I suspect you are right there NA8, there doesn't seem to be a huge difference between my Rebels in 2AA mode (it was more noticeable on 1AA). Could be a R90 instead of an R80 ... hard to know. 

My Q5 does indeed seem to be a good one, as the output is a bit higher on 2AA than I would have expected. Of course, there's only so much you can tell from n=1 for each of the lights, but the relative relationships make sense (i.e. within flux bin range). Especially on the RCR graphs, where things fall out roughly where I would expect for a middle-of-the-range output based on identified flux bin.



gravtyz said:


> mine has the same thing
> i have read some threads that this has been in there from day one so obviously they did not fix it.


Yes, but it is variable. My R100 Premium is certainly less noticeable than the others. I don't doubt Fenix is working to fix the problem, but they certainly haven't yet on my Q5 sample.


----------



## StandardBattery (Nov 16, 2007)

*Really nice summary Selfbuilt!* :thumbsup:

I must have got one of the last L2D-RB100 from fenix-store, as I just got it last week, but I had bought it as a gift and I didn't have time to play with it very much before I packaged it up with some other lights. I think I'll get another to play with before they're all gone.

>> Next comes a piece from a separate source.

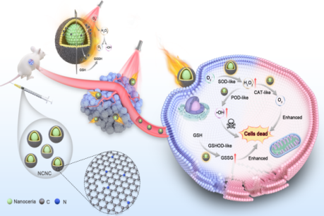 发表于《先进医疗材料》(IF=9.6)的研究,针对肿瘤催化治疗的选择性难题,团队成员刘宏基助理研究员(材料物理与化学专业)等与王辉研究员(中国科学院合肥物质科学研究院强磁场实验室)合作,借鉴材料学“空间限域”理念,设计出具有核壳结构的纳米酶。该催化剂能在近红外激光精准激活下,于肿瘤部位高效产生治疗物质,同时保护正常组织,显著提升了治疗的安全性,展现了纳米酶技术的临床转化前景。
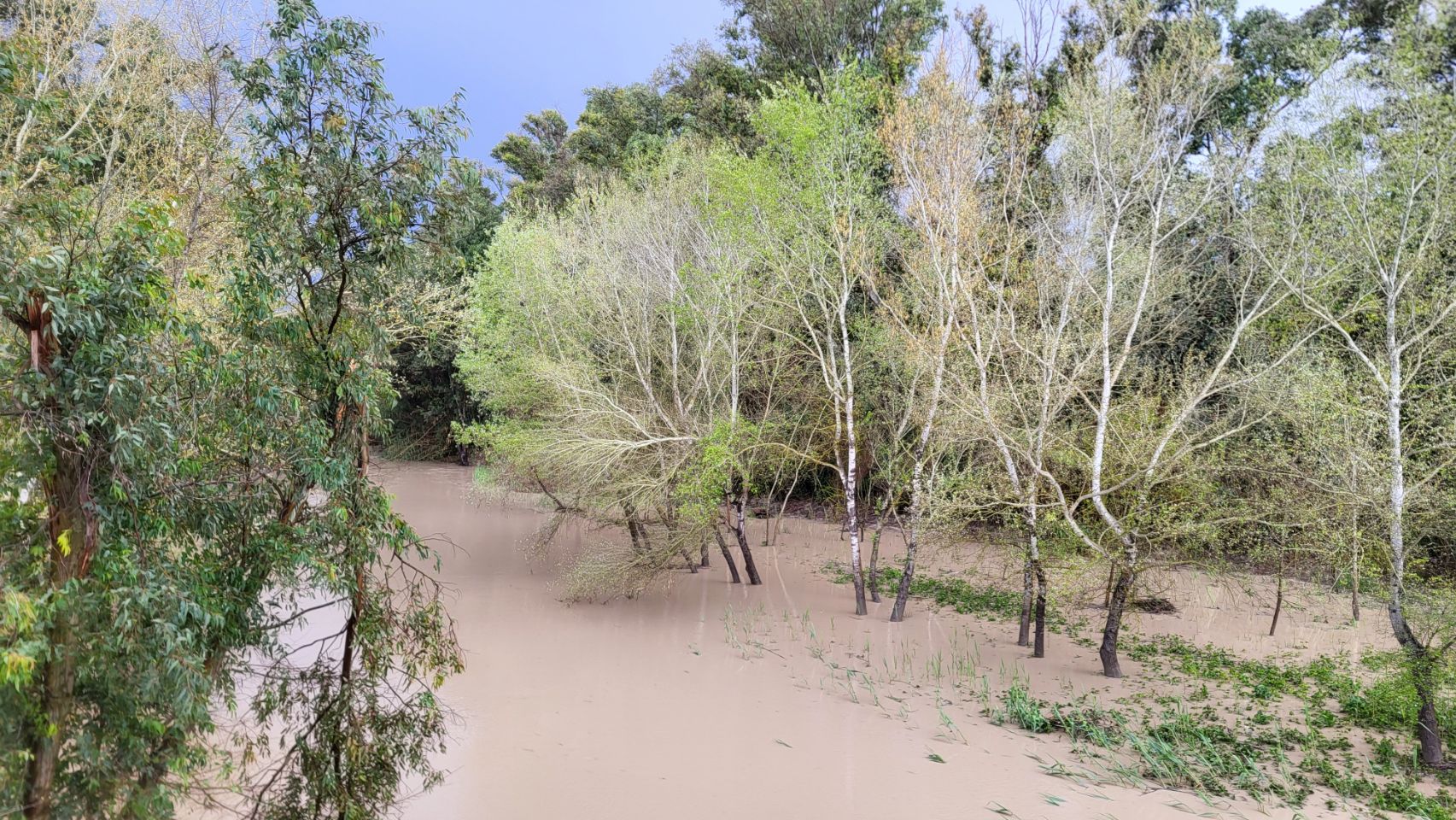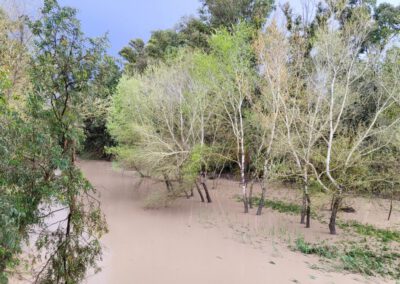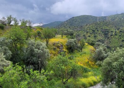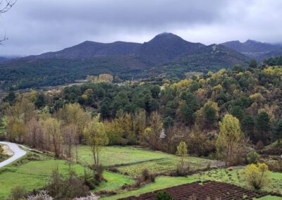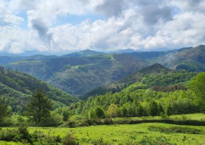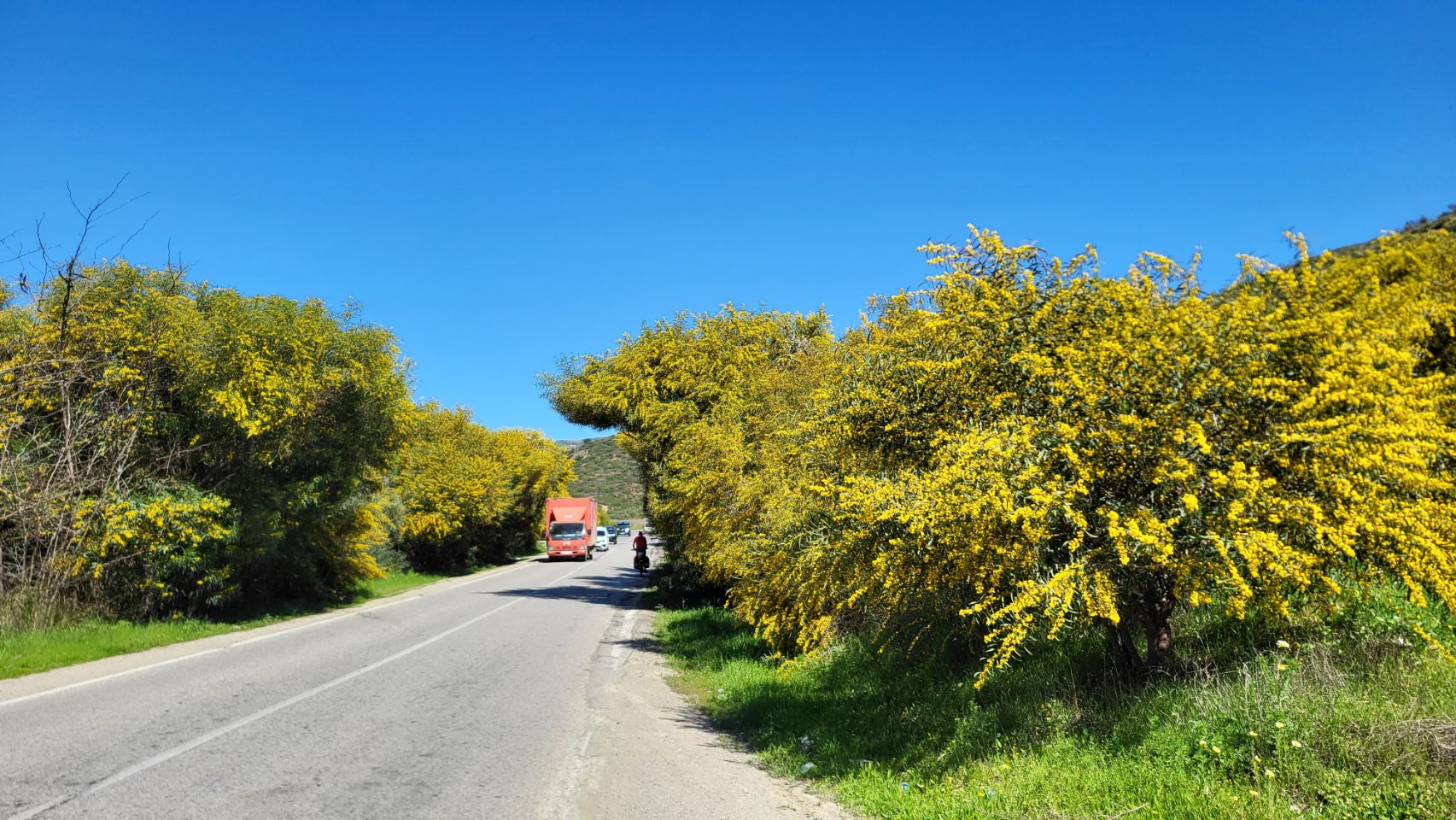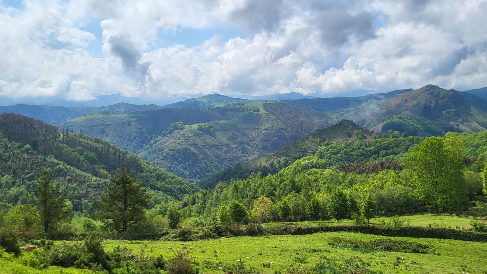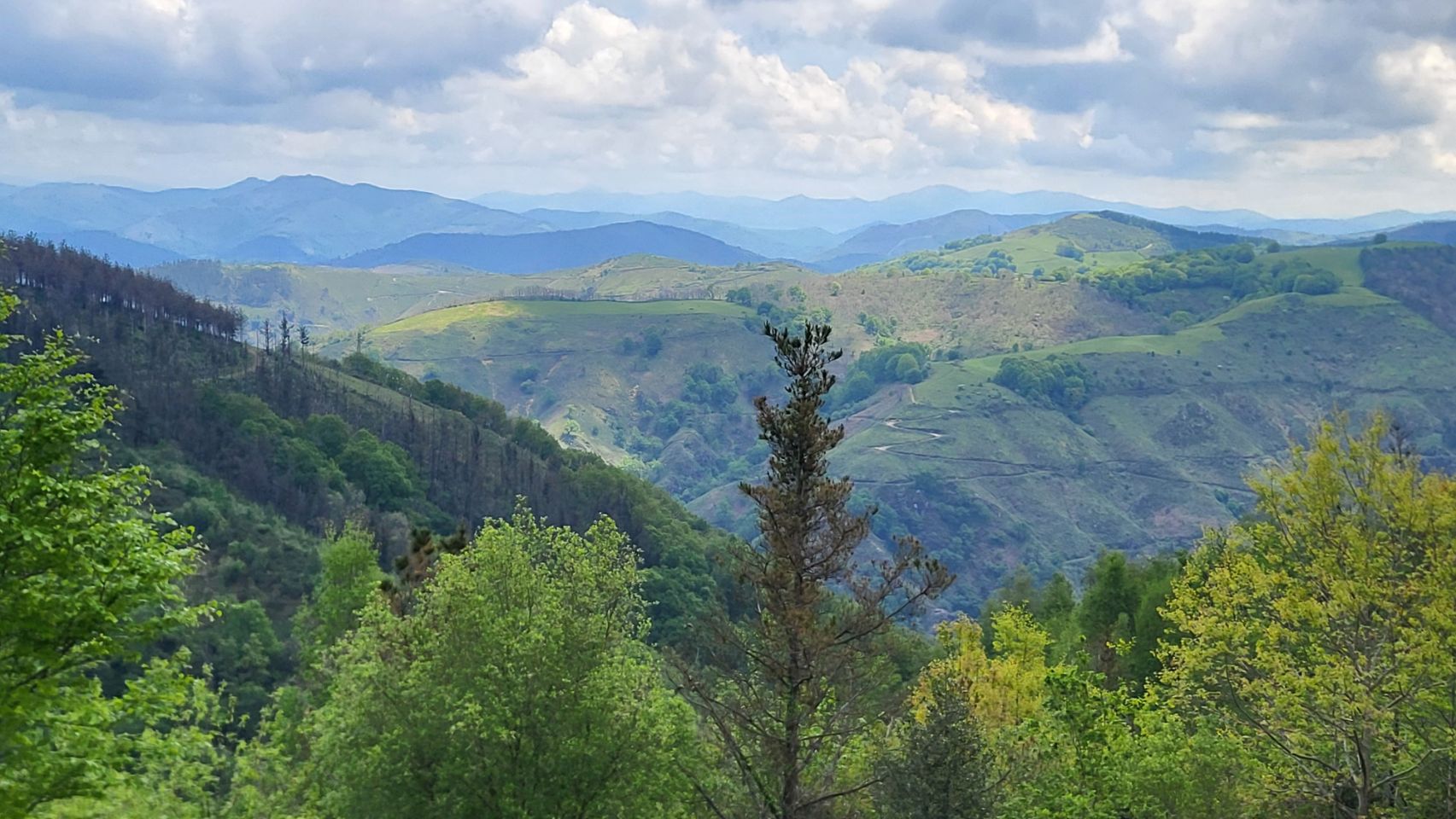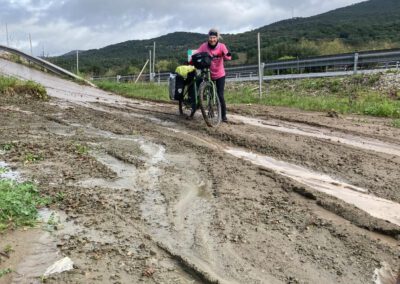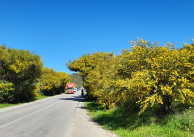 In hoog tempo wordt alles geserveerd en iedereen kwebbelt druk in rap Spaans. Tijdens het ontbijt komt weer een stortbui over, die hebben we mooi gemist. De rest van de dag hebben we zowaar ook geluk. De voorspelde regen valt net niet waar wij fietsen en regelmatig komt zelfs de zon door. De omgeving is erg mooi met beboste heuvels. De mimosa en brem bloeien vrolijk geel langs de weg. Ik blijf nog steken in een kleine landslide en loop vast in de 10 cm dikke modderlaag zodat ik mijn voeten er wel in moet steken om niet om te vallen.

I like the Rebel LED. I wonder if some bigger company bought put in a huge order and that is why supplied dried up for the smaller guys. Maybe a flashlight company, or maybe because of the tint they are going into home lighting products.


----------



## rizky_p (Nov 17, 2007)

@StandardBattery: no your RB100 is not the last 

did not realized that RB100 is rare, i just got my L2D-RB 100 yesterday must be really lucky then.

I noticed from your result that rebel L2D has slightly better throw and runtime compared to Q5 probably because of the higher vF of Q5. 

Really happy with my L2D-RB100 especially the warm colour of it.

thanks.


----------



## StandardBattery (Nov 18, 2007)

rizky_p said:


> @StandardBattery: no your RB100 is not the last
> 
> did not realized that RB100 is rare, i just got my L2D-RB 100 yesterday must be really lucky then.


 
Did you get it from Fenix-store?? They are not listing it anymore, other dealers still have some available. 

I also picked up one for myself, when it was clear that they may not be available much longer. I debated for a little while, since the next bin might be available soon and the RB100 will be old news. I have a feeling though that lumileds has got other applications for the leds, and they may not be so easy to find in flashlights from the larger manufacturers. Either way it's a great light, and I will try it with eneloops as I'm not using any other type of NiMh at the moment. Lithium/Lithium-Ion has just too many advantages. Of course I can always use regular Alkalines, just stay away from Turbo too often.


----------



## Mr Floppy (Nov 19, 2007)

Great review sir! I have all the L2D variations except the Q2 and the Q5. I think I'll skip the Q2 and just go for the Q5 based on these results. 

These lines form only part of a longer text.